Friday, September 16, 2011

Really, this change thing is just getting on my nerves now.

So, John the Realtor came over yesterday to look at the house. We talk on the phone from time to time and we get a postcard from him every quarter, but I have not actually laid eyes on him since we bought the house in 2002.

Before he arrived, Finn asked, "What's a realtor? What does he look like? "

"A realtor is a guy who sells real estate. He's a guy who sells houses. He is tall and he has white hair and he wears glasses. His name is John, too. Just like dad."

"Is he old?"

"No, he's not old at all."


Back in 2002, John was a trim white-haired fellow who drove a snazzy car and wore snazzy summer suits. (Aren't summer suits are the bee's knees?) I never got the impression he was much impressed with me. Perhaps because he witnessed a big yelling fit in his conference room when my John, let's call him Sweetie, decided (as we were putting in our offer) that he did not really like the house we were about to put a bid on. A house I had already fallen in love with.

John the Realtor did arrange a meeting between me and his friend Dr. Tong, the dean of students of the University of Arizona College of Pharmacy. I don't think it helped me get in or anything, since I didn't get in the first time I applied, but it was a nice way to use your community connections.

I was surprised and horrified when John called that morning. When the company handling our relocation said it would take care of everything, I didn't realize that included contacting John. When we talked, I told him, flat out, our house has not been cleaned since I got sick--which is three going on four years. And that I really don't have the energy to clean. Or the will. And, yes, he could come over and have a look at what we've done, but he had to promise not to call Child Protective Services on us.

So, I got to work. Sweat was dripping off my chin and the dogs were hiding in the front bedroom, but  you couldn't even tell I'd done anything. And I had to stop in the middle to go get the boy because Finn gets out at noon all week so teachers can have parent conferences. 

At 3 p.m., there was a knock at the door and I opened it to find a slouching, skinny old man with a pot belly standing on my porch wearing a blue golf shirt and Sans-A-Belt pants. His eyes were hooded and he spoke very quietly. "Hello, Julia!"

John the Realtor had aged. And lost his style. He shuffled into the house. Now I really felt terrible about the house because I couldn't offer him a seat. Finn was dominating the couch and I worried that he couldn't make it into or out of one of our low easy chairs. And...wait, was he trembling? The heat here sometimes makes me quiver, but it wasn't that hot.

Because I'm Southern and not yet old enough to speak my mind, I did not say, "My God John. What the hell is the matter with you?" I said, "John! Thanks for coming!" And I started showing him the various improvements we'd made to the house--air conditioning, hardwood floors, tile in the bathrooms--and the various...non-improvements--chipped paint on the woodwork, a vent cover duct-taped to the wall, a DIY kitchen floor that is coming up.

Every step he took make me feel worse about the house. He seemed unable to step over or around the piles of laundry that the dogs use as beds.
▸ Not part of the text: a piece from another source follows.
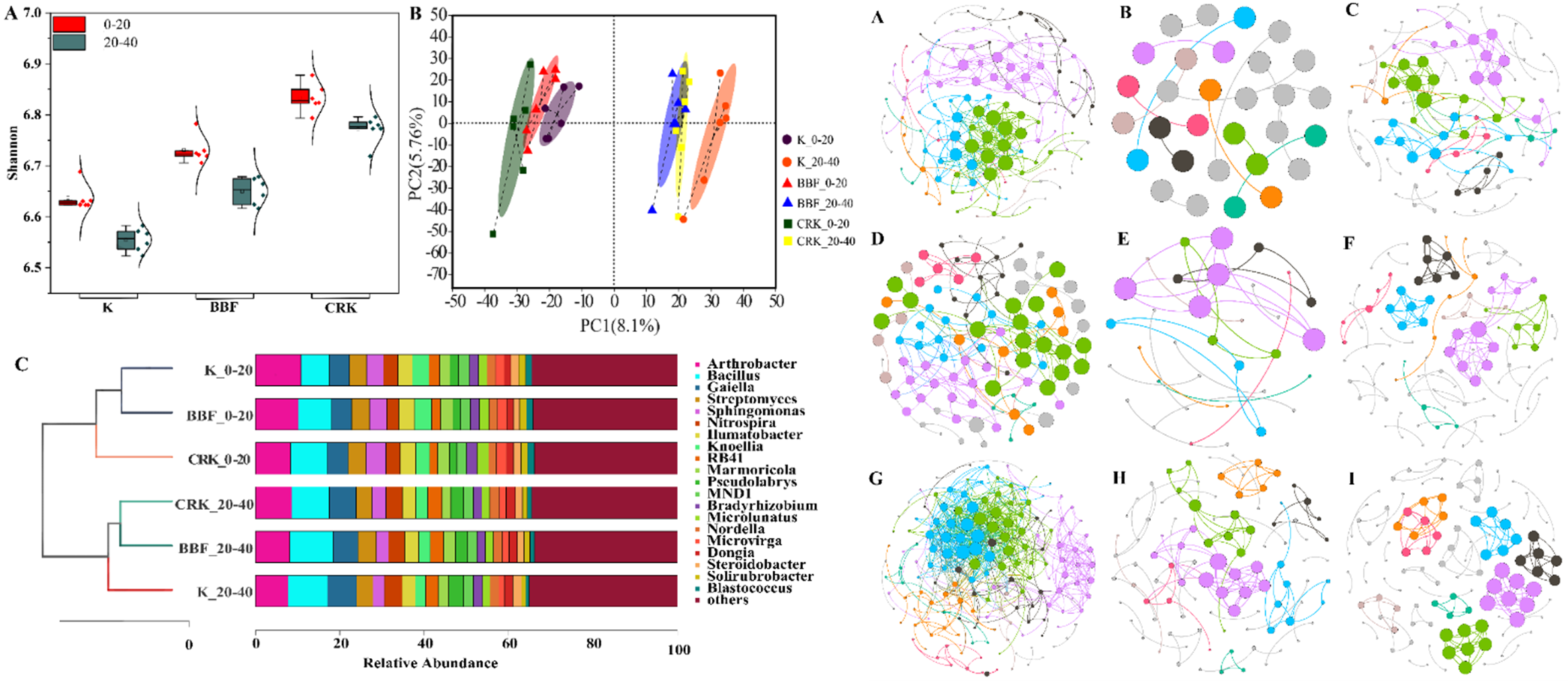 圖1. 控釋氯化鉀對土壤細菌群落多樣性及相對豐度、共生網絡的影響

I wanted to take him by the elbow. Finally, we stopped the tour and chatted.

"I have Parkinson's now," he said. "That's why my voice gets quiet, and I can't walk very easily and sometimes I forget stuff."

Well, that beats the hell out of heart failure. He's still getting out every day working his tail off the way most realtors do. And, it's another example of change knocking me for loop.

2 comments:

  1. I know! He totally sucked the wind out of my "I can't clean the house because I have heart failure" argument!